Cardiovascular side effects associated with fentanyl include severely low blood pressure and slow or irregular heartbeat. While some medical studies suggest fentanyl masks or worsen some heart problems, surgeons routinely use fentanyl for coronary artery surgery.

Gastrointestinal

Gastrointestinal side effects from taking fentanyl in any form include nausea, vomiting and constipation. Digestive side effects include distention, or abdominal swelling. Fentanyl is available in lozenges, spray and soluble film; these forms of fentanyl may cause mouth sores, white patches or sores on the tongue. These products may also be associated with side effects causing dental decay problems, such as cavities, tooth loss and erosion of the gum line.

Respiratory

Respiratory depression is a frequent and serious side effect associated with fentanyl. Coughing, asthma and abnormal breath sounds may be associated with fentanyl. This medication may also cause laryngitis.

Genitourinary

Urinary retention or bladder pain is associated with fentanyl use. Consumers have reported decreased libido and ejaculatory difficulties while using a fentanyl patch. One case of the sexual dysfunction, priapism, has been reported.

Dermatologic

Fentanyl consumers have reported itching, scaly skin and pustules after using this product. Rashes are associated with fentanyl patch use, typically near the patch application site. Rarely, patients have reported systemic rashes, which cover a large portion of the bodies or erupt in areas not near a patch application site.

Hypersensitivity

Fentanyl is rarely associated with anaphylaxis, a severe and life threatening allergic reaction that affects the entire body. Symptoms of anaphylaxis develop quickly, within minutes or seconds of exposure to fentanyl. Symptoms include abdominal pain, hives, abnormal breathing, confusion, vomiting or diarrhea. Seek professional help immediately if you suspect you or someone you know is experiencing anaphylaxis.

Hematologic

Fentanyl may cause a small amount of hemolysis, which is the breakdown of red blood cells. Hemolysis is most likely due to rapid injections of fentanyl solution, rather than through patches, lozenges or tablets. Practitioners may offset this side effect by slowing the rate of injection or mixing fentanyl into a different solution.

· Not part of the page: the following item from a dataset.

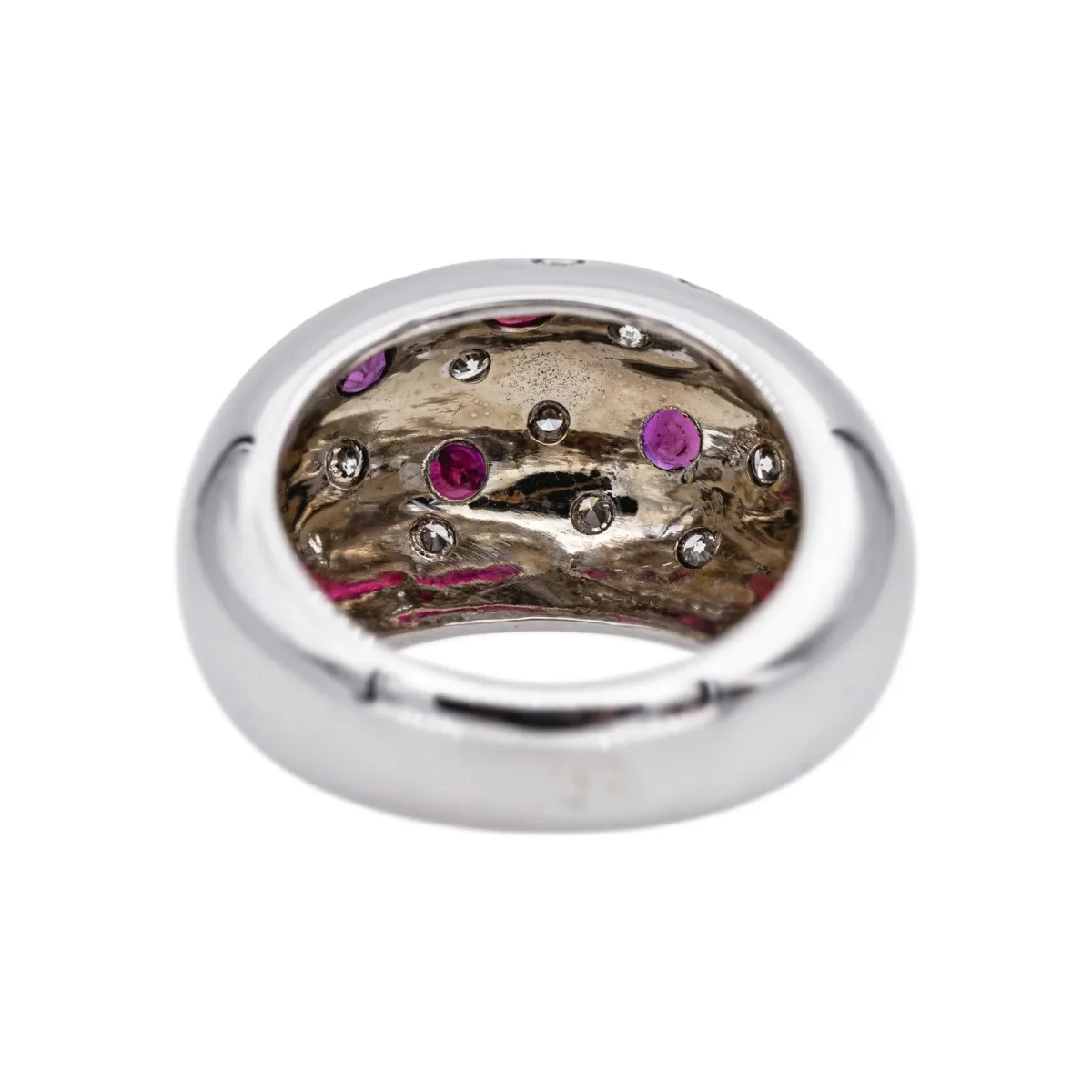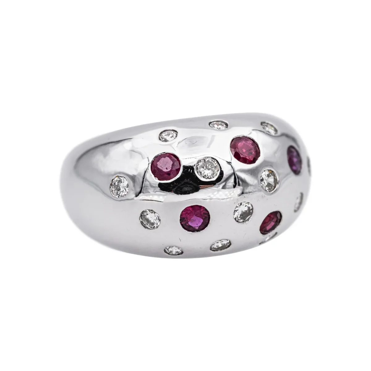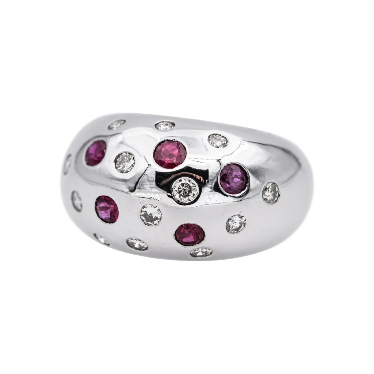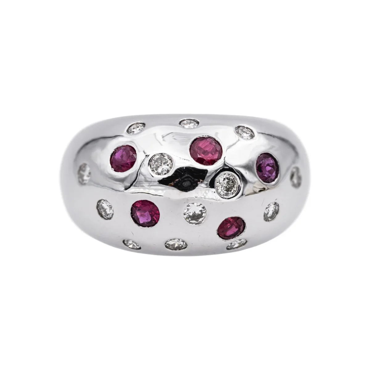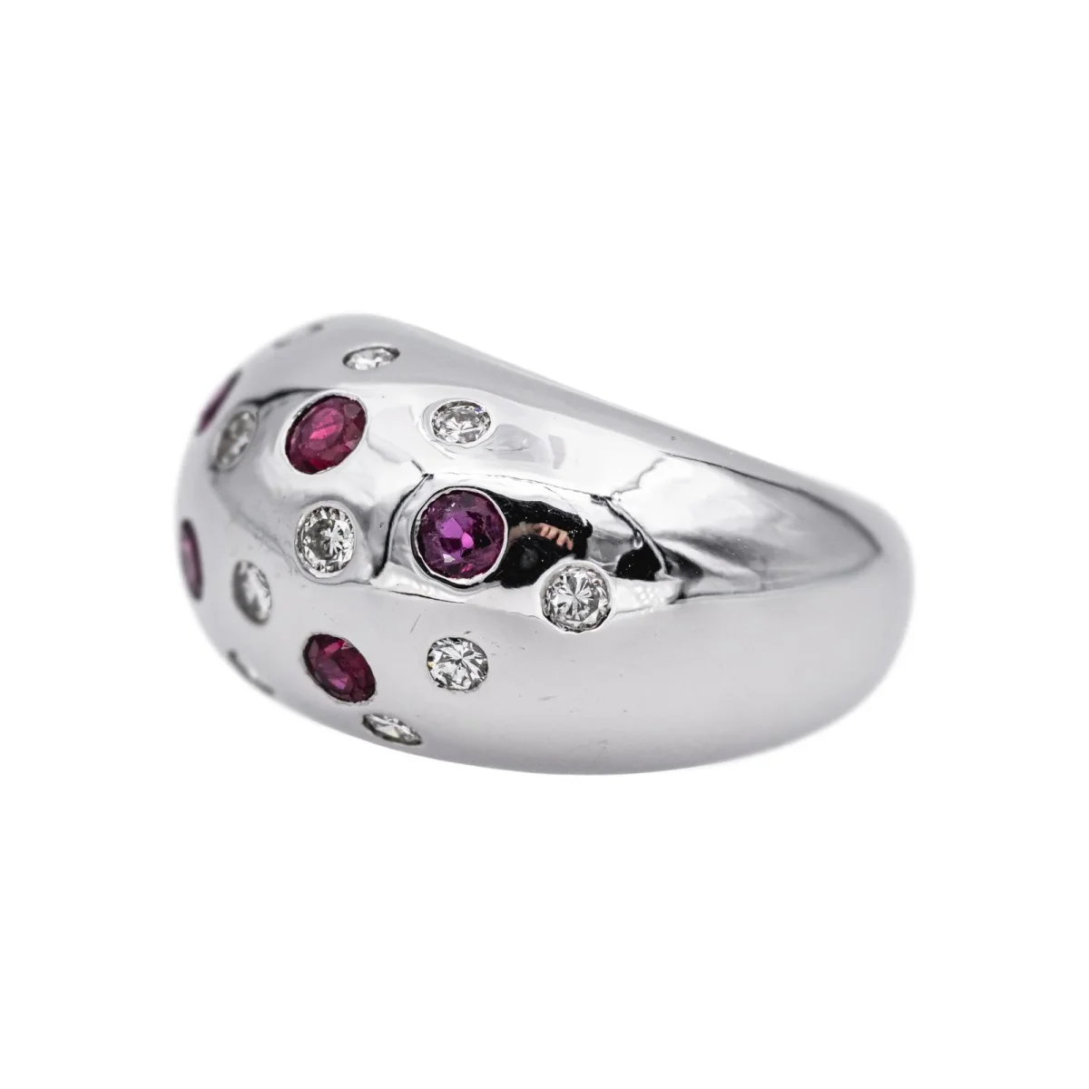 Bague cocktail en or blanc 750 millièmes (18 carats), pavée de diamants et de rubis, 13 diamants taille brillant, environ I-VS, d’un poids total d’environ 0,52 ct, (chaque diamant d’un poids d’environ 0,04 ct) entourés de 5 rubis taillés en rond, d’un poids total d’environ 0,70 ct (chaque rubis d’un poids d’environ 0,14 ct), largeur sur le dessus : 1,39 cm, tour de doigt : 53, poids total : 14,28 g, poinçon tête d’aigle, excellent état

Scientists are still working to establish how hemolysis associated with fentanyl impacts a patient's well-being.

Immunologic

Immunologic side effects associated with fentanyl include a case of recurring herpes simplex. Injectable fentanyl may cause other changes in the immune system.

Metabolic

Individuals have reported metabolic side effects associated with fentanyl, including weight loss.

Special Senses

Fentanyl may cause blurred vision.

Body as a Whole

Fentanyl may cause whole-body side effects such as headache, abdominal pain, fatigue, back pain, flu-like symptoms or fever. It may cause edema, or generalized puffiness throughout the body.